Looking at the details:

  • Total commercial bank financing to the private sector which accounts for more than half of total financing contracted by an all-time record of -4.8% real y/y in January from -4.4% real y/y in December. This is the sixth consecutive month in which financing to the private sector showed a negative contribution. Direct financing to business and private consumption continued to deteriorate in real annual terms. Mortgage financing maintained stable growth, to what it has maintained throughout the pandemic, possibly benefiting from the current attractive level of rates. 
  • Financing to the federal public sector (about 23% of total financing) continued to show very positive levels. For the month of January, financing was 36.1% y/y and compares with 26.0% y/y observed in December and a cumulative expansion of 11.4% y/y the previous year as a whole.
  • As a result, total commercial bank financing (including the private sector and the public sector) registered higher real annual growth, rising from 2.5% y/y to 4.5% y/y between December and January.

Weak domestic demand, alongside a still high degree of uncertainty permeating the Mexican economy have turned bank clients relatively cautious, which in turn boosted deposits (chart 3, again).

II. Remittances continue to be a significant source of income for some households

Remittances a new January record (released on March 1), coming in at US 3.298 bn in January, which represented a +25.8% y/y gain (chart 4). US government stimulus is believed to be part of the reason for the strong remittance flows, which are supporting consumption in lower-income households in Mexico. We expect that the new fiscal stimulus package proposed by President Biden, which has already been approved by the House of Representatives and was sent to the Senate, could continue to benefit remittances to our country in 2021.

—Eduardo Suárez & Paulina Villanueva

PERU: INFLATION DECLINES TOWARDS A MORE MODERATE TREND IN FEBRUARY

Inflation continues to jump around. After surprising to the upside in January (0.7%, monthly and 2.7% annually), it has now surprised to the downside in February, slumping -0.13% for the month, and taking annual inflation to 2.4%. Core inflation was 1.6% (chart 5). These figures, released by the National Statistics Institute on Monday March 1, are for inflation in Lima, which is the official benchmark figure used by the central bank (BCRP). Inflation nationwide fell 0.01% in February, and came in at 2.8% annually.
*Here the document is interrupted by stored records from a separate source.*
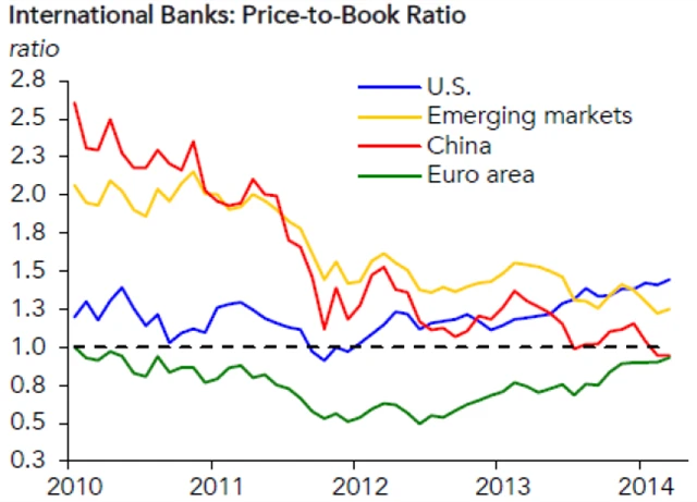 Optimisté naopak říkají, že byly čínské banky ohodnoceny "na velkou krizi", když se obchodovaly (a stále obchodují) s cenou pod účetní hodnotou vlastního kapitálu.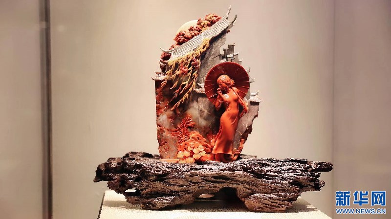 非物質(zhì)文化遺產(chǎn)玉石雕刻展精品館。新華網(wǎng)發(fā)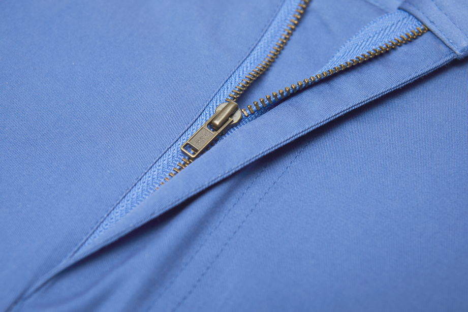 经典腰头设计,平整有型;圆润富有光泽的树脂纽扣,精致美观,十字走线防脱落。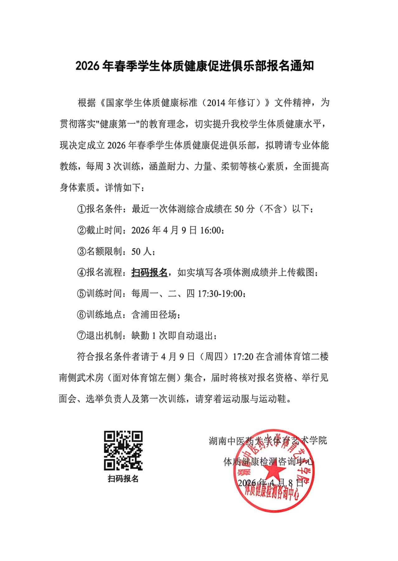 2026年春季学生体质健康促进俱乐部报名通知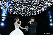 배우 윤상현(42)과 가수 겸 작사가 메이비(본명 김은지·36)가 지난 8일 화촉을 밝혔다. 두 사람은 이날 오후 광진구 광장동 쉐라톤 그랜드 워커힐 비스타홀에서 가족과 친지, 이보영·이종석·박하선·지상렬·백지영·엠블랙의 이준, 민경훈 등 동료 연예인들의 축복 속에 백년가약을 맺었다. 이날 결혼식은 마치 한 편의 뮤지컬처럼 꾸며졌다. 두 사람은 결혼을 기념해 만든 노래 ‘봉숭아 물들다’를 듀엣으로 부르며 함께 등장했다. 또 서로에게 쓴 편지를 낭독하며 첫 만남과 교제 기간의 추억을 공개했고, 중간 중간 케이윌과 나윤권, KBS 2TV ‘인간의 조건’ 출연팀이 축가를 선사했다. 은지원·이현우·봉태규 등 ‘인간의 조건’ 출연팀이 남진의 ‘님과 함께’를 선사하자 윤상현은 함께 춤을 추기도 했다. 주례는 지인들이 두 사람에게 당부하는 영상 편지로 대신했으며 성혼선언문은 서로에게 바라는 점을 적어 낭독했다. 지난해 4월 소개로 만나 7월부터 교제한 두 사람은 윤상현이 SBS TV ‘힐링캠프’에서 “결혼을 전제로 만나는 6세 연하의 여자 친구가 있다”고 고백하면서 관심을 불러모았고 상대가 메이비란 사실이 알려지며 화제가 됐다. 신접살림은 경기도 파주에 차릴 예정이다.…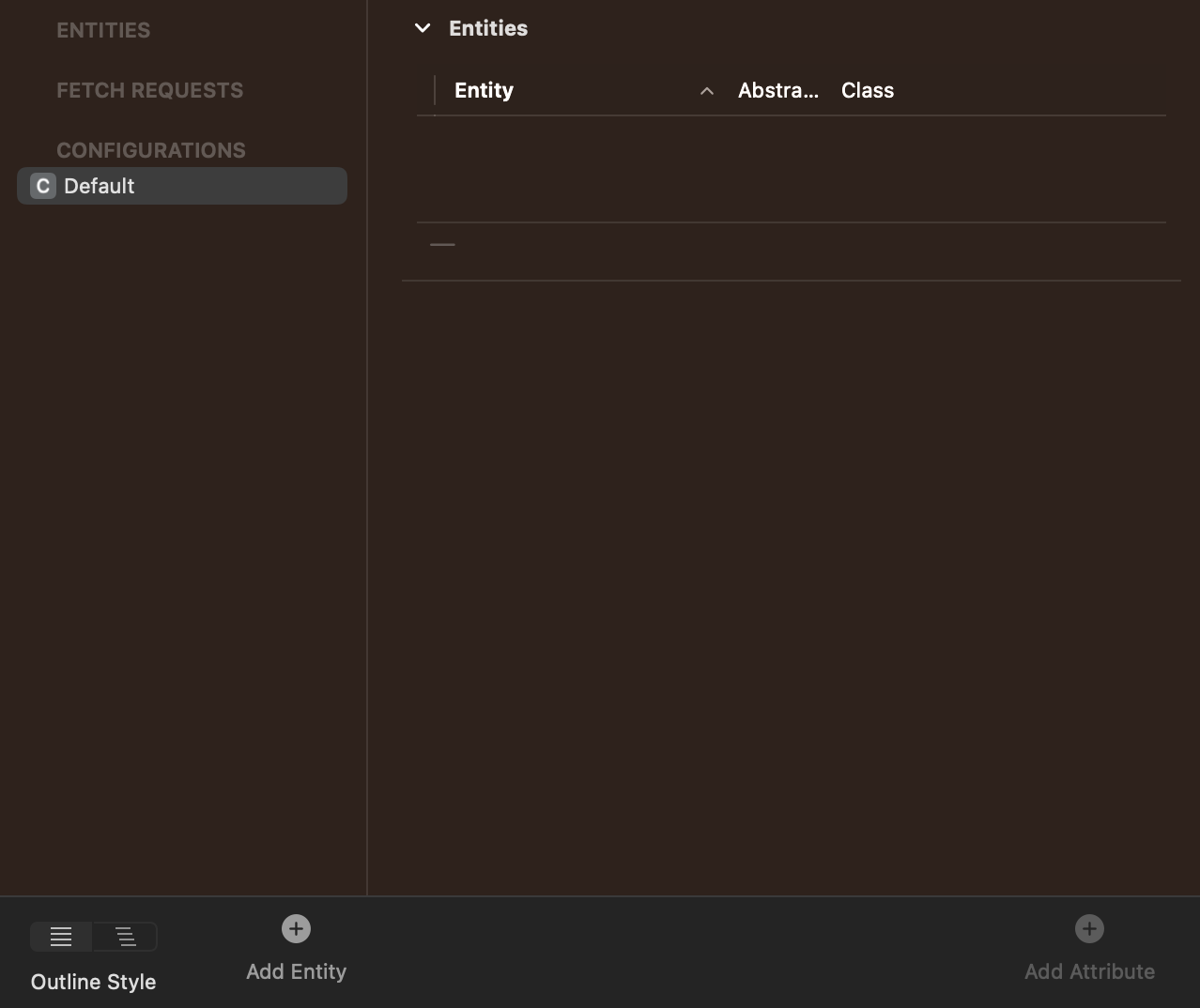 Xcode에서 처음으로 프로젝트를 만들 때, CoreData를 사용한다는 체크박스를 체크하면 자동으로 코어데이터 모델 파일을 하나 만들어줍니다. 확장자는. xcdatamodeld, 파일명은 보통 프로젝트명(Product Name)으로 생성됩니다. 파일명은 변경해도 됩니다.

Inflation volatility was mainly due to poultry prices, which have a high weight in inflation, and frequently distort the trend. However, in February, poultry would only have corrected what had been a surge in January, so the February 2.4% register is probably a better gauge of the ongoing trend of inflation. As such, it will give the BCRP space to maintain its reference rate at 0.25% without concern. Especially considering that core inflation has been persistently low throughout the last few months of headline volatility. Low core inflation, with just a hint of upward pressure from health, home rent and maintenance, and transportation, makes us comfortable with our forecast of 2.6% inflation for full-year 2021.

Meanwhile, there are news reports that the government is contemplating, in coordination with the BCRP, an extension of the grace period for Reactiva loans. The initial 12-month grace period is due to end in May.